- Directions for this task:
For the lines from the one with "Screwless, flat plate" to the end of the listing below, both ends included, give an exact copy and nothing more. Do not copy pictures.

- Supplied information:
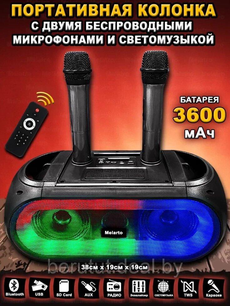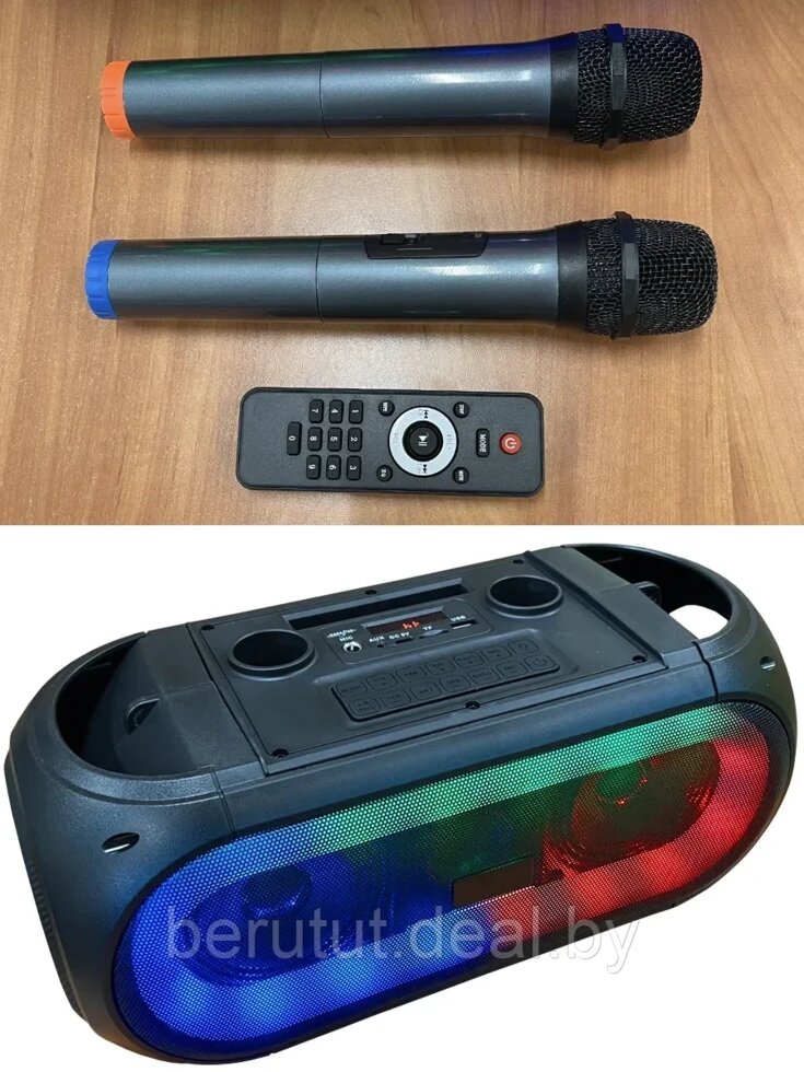 Портативная Bluetooth колонка караоке ZQS 4247 с двумя беспроводными микрофонами FM USB TF Type-C
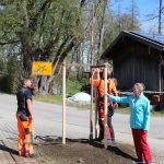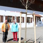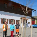 – Bürgermeisterin Marianne Steindlmüller und die Männer vom Bauhof pflanzen einen neuen Bergahorn vor dem Wildenwarter Feuerwehrhaus
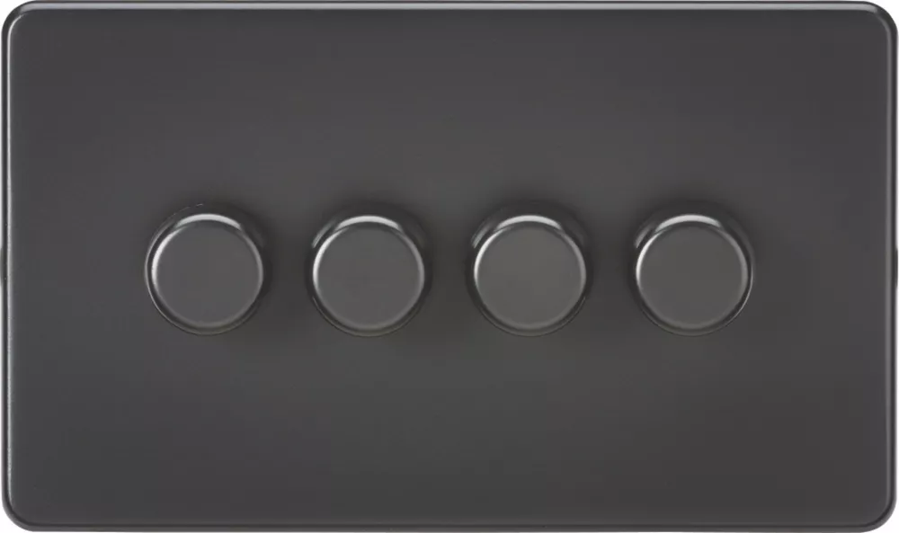 Screwless, flat plate design with matching dimmer caps. Ideal for use where there are 2 switches each requiring control of the lighting in a room.
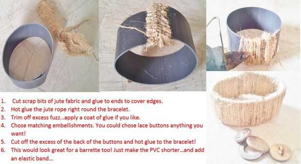 pegamento caliente ahora el derecho de la cuerda del yute alrededor de la pulsera.

- Written answer:
 Screwless, flat plate design with matching dimmer caps. Ideal for use where there are 2 switches each requiring control of the lighting in a room.
 pegamento caliente ahora el derecho de la cuerda del yute alrededor de la pulsera.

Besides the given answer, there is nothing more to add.